Hierarchical vs. Flat Coordination

Experiment not yet run

This page describes the experiment design. The harness is built but results have not been collected.

Pillar: Hierarchical Teams

Hypothesis

Hierarchical dispatch with liaison-mediated context compression produces comparable or better task outcomes than flat single-team execution, while consuming fewer context tokens per agent as task complexity increases.

H1: At the Complex task tier, hierarchical coordination produces equal or higher quality scores than flat coordination.

H2: Hierarchical coordination's context-per-agent grows sublinearly with task complexity, while flat coordination's grows linearly.
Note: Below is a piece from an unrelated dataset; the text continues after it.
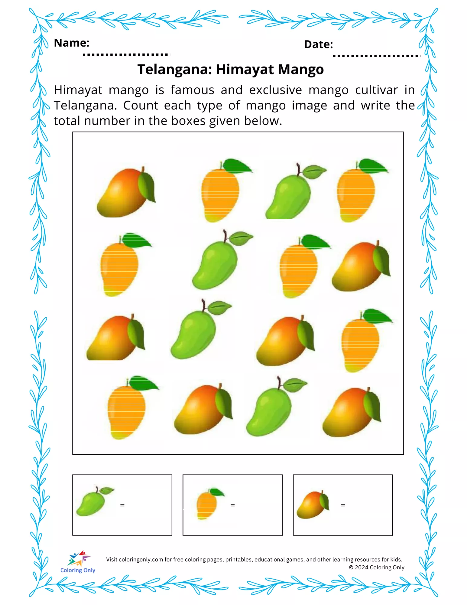 The Telangana: Himayat Mango Free Printable Worksheet is an engaging activity for preschoolers to learn about the exclusive Himayat mango cultivar from Telangana. This worksheet encourages children to observe and count the different types of mango images and write the total numbers in the boxes provided. It blends cultural knowledge with basic counting skills, fostering early numeracy and awareness of regional specialties. The Telangana: Himayat Mango Free Printable Worksheet is perfect for introducing young learners to unique fruits while making learning fun and interactive.

H3: Hierarchical coordination enables parallelism that reduces wall-clock time on multi-domain tasks.

Why This Matters

Flat teams are simpler: one context window, no liaison overhead, no information loss at boundaries. The hierarchical design incurs real costs — liaison agents, dispatch overhead, merge conflicts. The bet is that these costs are worth paying at scale, because flat teams hit context limits, lose coherence, and cannot parallelize. This experiment tests where the crossover point is.

Method

Conditions

Condition	Description
Hierarchical (treatment)	Uber team + subteams via liaison dispatch. Each subteam runs in its own process with isolated context.
Flat (control)	Single team with all agents in one context window. No dispatch, no liaisons.

Task Selection

30 tasks: 10 Simple, 10 Medium, 10 Complex. All tasks have reference solutions for quality comparison.

Procedure

Each task run once per condition (not paired — different tasks may favor different architectures)
Hierarchical condition uses the standard two-level dispatch (uber team + subteams)
Flat condition uses a single team with the same agents (minus liaisons) in one session
Same human evaluator rates both outputs (blind to condition)

Measurements

Metric	Description	Source
Quality score	1-5 composite	Human judgment
Context tokens per agent	Peak context window usage for each agent	Token counter
Total tokens	Sum across all agents	Token counter
Total cost	Dollar cost	Token counter
Wall-clock time	End-to-end duration	Timestamps
Coherence score	Do outputs from different agents/subteams fit together?	Human judgment
Merge conflicts	Number of conflicts requiring resolution during result integration	Git log
Agent count	Total agents involved (hierarchical includes liaisons)	Config

Analysis Plan

Quality comparison by tier (Mann-Whitney U per tier, since tasks differ between conditions)
Context scaling analysis: regress context-per-agent on task complexity, compare slopes between conditions
Cost-efficiency frontier: plot quality vs. cost for both conditions across tiers
Parallelism benefit: wall-clock time comparison on Complex tasks where subteams can work concurrently

Results

Experiment not yet run.

Expected Findings

Simple tier: Flat outperforms — hierarchical overhead (liaisons, dispatch) is not worth the cost for small tasks
Medium tier: Comparable quality, hierarchical slightly more expensive but better coherence on multi-file tasks
Complex tier: Hierarchical outperforms — flat teams hit context degradation, lose track of cross-cutting concerns, cannot parallelize effectively
Crossover point: Somewhere in the Medium tier, hierarchical becomes cost-effective

Threats to Validity

Confound: agent count. Hierarchical condition has more agents (liaisons). Controlling for total agent compute is important.
Task assignment to tier. Tier boundaries are subjective. Mitigation: pre-rate tasks by independent judges.
Flat team context limit. On Complex tasks, the flat team may literally exhaust its context window. This is a real architectural limitation, not an experimental artifact — but it means the comparison becomes "works vs. doesn't work" rather than "works better vs. works worse."